Background: I discovered a bug while preparing my next patch for
Thunderbolt native PCI enumeration. This bugfix is vital for that next
Thunderbolt patch. They are related and could be put together but I am
presenting them as separate patches.

Nature of problem: On boot, the PCI bridges are handled in the function
pci_assign_unassigned_root_bus_resources(). This function makes multiple
passes / attempts to assign all of the resources. It calls
__pci_bus_size_bridges() which tries to assign required resources, plus
additional requested space. It makes calls to pbus_size_io() and
pbus_size_mem() which return zero on success. However, these functions
misleadingly return non-zero if the resource is already assigned.

The fallout: If the first attempt to allocate resources on a bridge
succeeds in 64-bit MMIO_PREF, but fails in 32-bit MMIO, then a second
attempt is made. Then, the __pbus_size_mem() returns non-zero for
MMIO_PREF because the resource is already assigned. That makes
__pci_bus_size_bridges() think there is no space (ENOSPC) and it
attempts to assign the sum of the MMIO_PREF and MMIO sizes into a 32-bit
window. This means that it tries to request the sum of the the MMIO and
MMIO_PREF size into the MMIO window. In the best case, the MMIO size is
equal to the MMIO_PREF size and we get double the window in MMIO, and
the correct size in MMIO_PREF, and nothing bad happens. In a worse case,
doubling the size makes it fail due to lack of space in the miniscule
MMIO 32-bit address space. In that case, we might be able to reduce the
requested size. In the worst case, we have requested for a vast amount
of MMIO_PREF, and a small amount of MMIO. The kernel tries to assign the
sum of the sizes of the two types in the MMIO window, leaving us with
MMIO_PREF assigned and MMIO unassigned due to the requested size being
too large to assign. In this case, there is nothing we can do about it.
If a massive additional MMIO_PREF and a small non-zero amount of
additional MMIO are needed, then we cannot reduce the requested
MMIO_PREF to work around the bug.

The cause: pbus_size_io() and pbus_size_mem() both call
find_free_bus_resource() to identify which bridge window of the bus
meets the criteria. This function explicitly skips resources with a
parent, inevitably returning NULL. The functions pbus_size_io() and
pbus_size_mem() return -ENOSPC if find_free_bus_resource() returns NULL,
meaning an assigned resource is interpreted as having been failed to
assign, potentially causing it to try to allocate it again in another
window.

The solution: my proposed patch renames find_free_bus_resource() to
find_bus_resource_of_type() and modifies it to not skip resources with
r->parent. The name change is because returning an assigned resource
makes the resource potentially not "free". The calling functions,
pbus_size_io() and pbus_size_mem() have checks added for b_res->parent
and they return 0 (success) in this case. This is because a resource
with a parent is already assigned and should be interpreted as a
success, not a failure.

Testing: I have tested my proposed patch and it appears to work
flawlessly. It has the added benefit of slashing the number of attempts
taken to assign a given BAR, meaning a much cleaner dmesg. In fact, in
my configuration, it has gone from very messy to mainly IO BAR failures.
There is nothing that can be done about IO BARs because of the 16-bit
hardware limitation, meaning the amount of available space cannot be
increased. All that I am left with is a few "failed to assign [mem
size]" very early in boot, before those BARs succeed in the next
attempt. After the small initial set of failures for MEM, there are no
more "failed to assign" whatsoever for non-IO BARs.

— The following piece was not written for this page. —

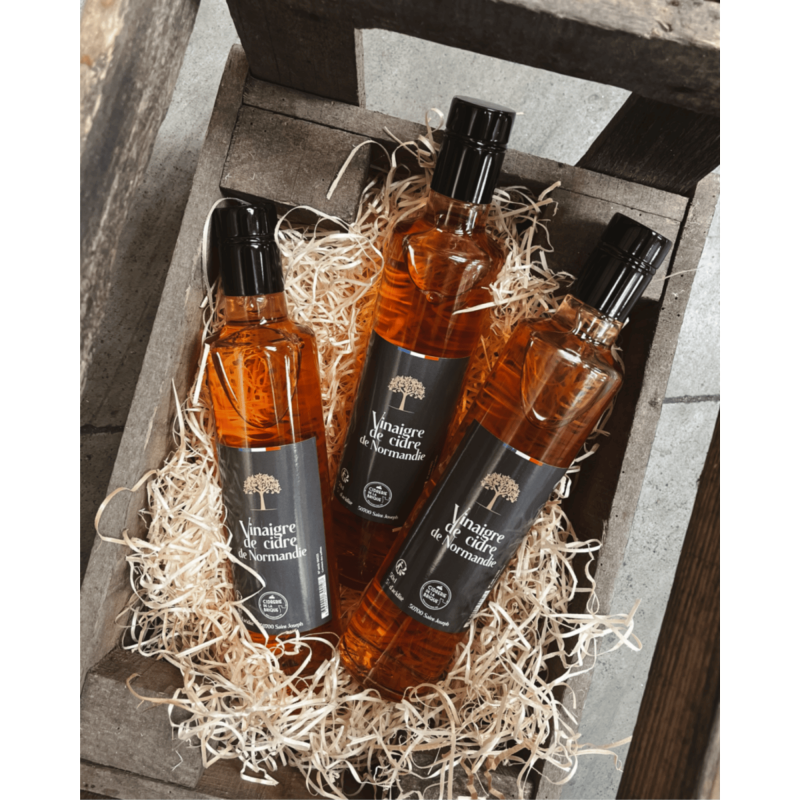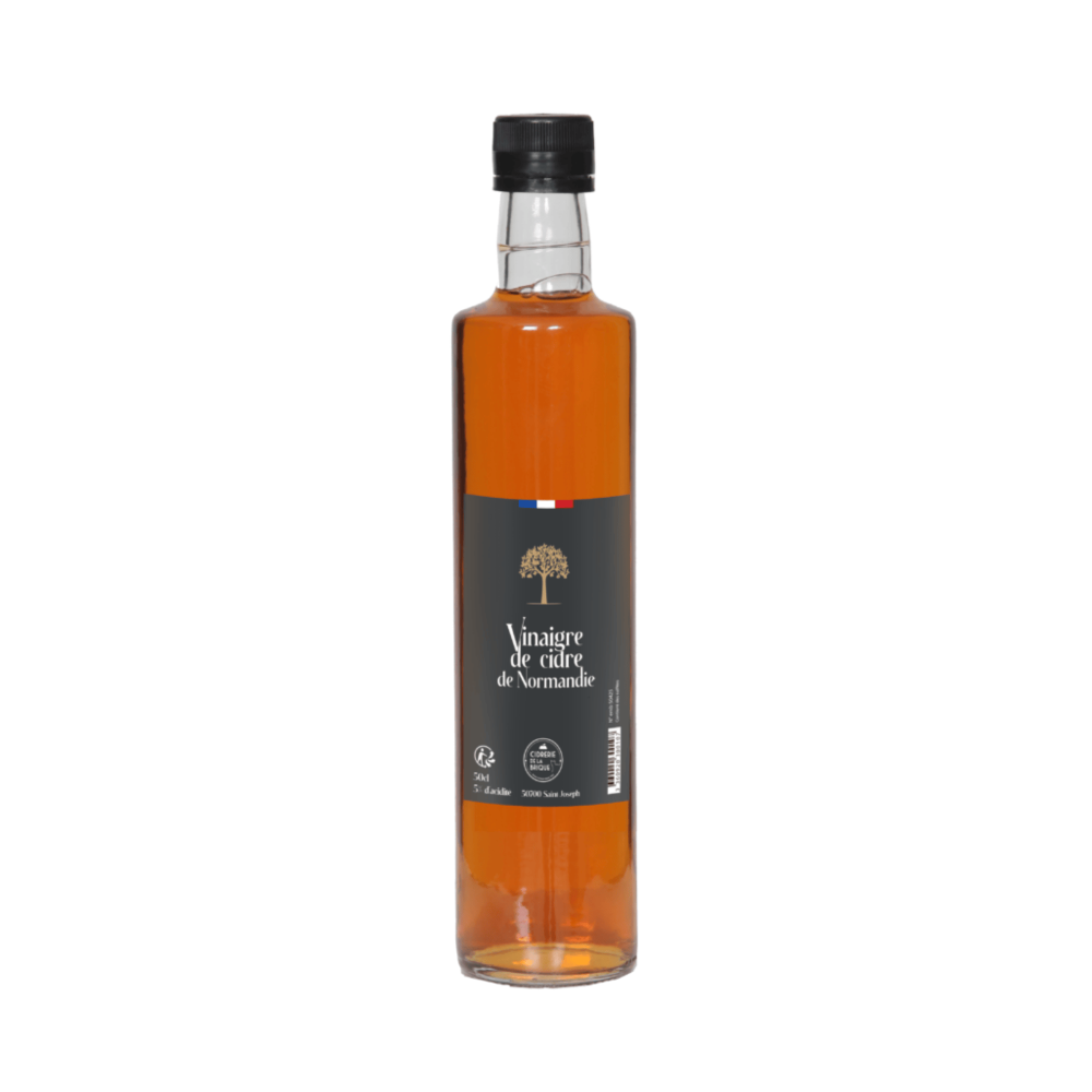 Le vinaigre de cidre est issu d’un cidre de pommes récoltées exclusivement dans le Cotentin et fermenté 100% pur jus, issu de pommes fraîches et non pasteurisé.

Remarks: I fixed some other block comments to comply with kernel code
styling standards. I had to modify the one block comment to reflect the
changes, and checkpatch.pl got really angry and yelled at me. So I
figured I may as well fix the lot.

Signed-off-by: Nicholas Johnson <nicholas.johnson-opensource@xxxxxxxxxxxxxx>
---
drivers/pci/setup-bus.c | 82 +++++++++++++++++++++++++----------------
1 file changed, 51 insertions(+), 31 deletions(-)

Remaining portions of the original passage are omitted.